• **Assignment**
Only the text should come through, so restate the listing exactly and drop its images.

• **Provided material**
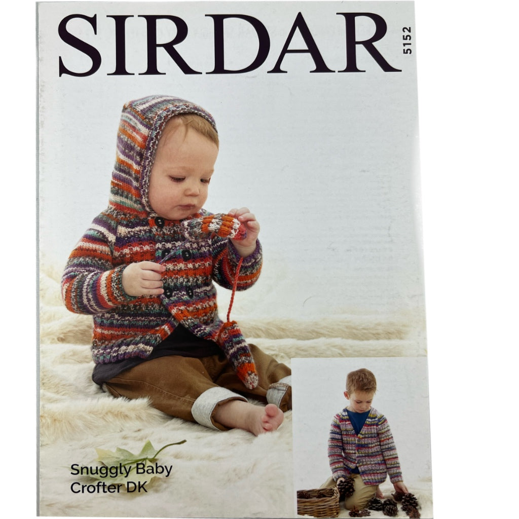 Sidar Leaflet 5152 - Snuggly Baby Crofter DK Hooded Jacket, V Neck Cardigan, and Mittens Sizes: 0-6 mnths to 6-7 yrs
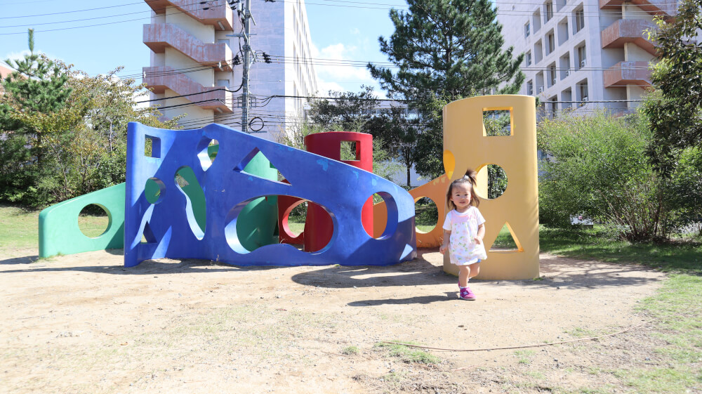 カラフルで色々な形の穴の遊具もなんだか楽しそうに走り回って穴からこっちを覗いてました〜。
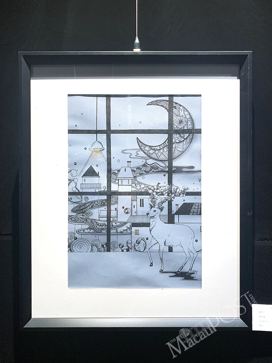 The four artists are fresh Visual Arts graduates from the tertiary education institution’s School of Arts, namely Chan Kit U, Chen Xuelin, Lei Ka Kei and Pun Weng I, displaying a total of 10 pieces of work including line drawings, watercolours, oil paintings and photographs, according to a statement by 10 Fantasia.

• **Problem solution**
 Sidar Leaflet 5152 - Snuggly Baby Crofter DK Hooded Jacket, V Neck Cardigan, and Mittens Sizes: 0-6 mnths to 6-7 yrs
 カラフルで色々な形の穴の遊具もなんだか楽しそうに走り回って穴からこっちを覗いてました〜。
 The four artists are fresh Visual Arts graduates from the tertiary education institution’s School of Arts, namely Chan Kit U, Chen Xuelin, Lei Ka Kei and Pun Weng I, displaying a total of 10 pieces of work including line drawings, watercolours, oil paintings and photographs, according to a statement by 10 Fantasia.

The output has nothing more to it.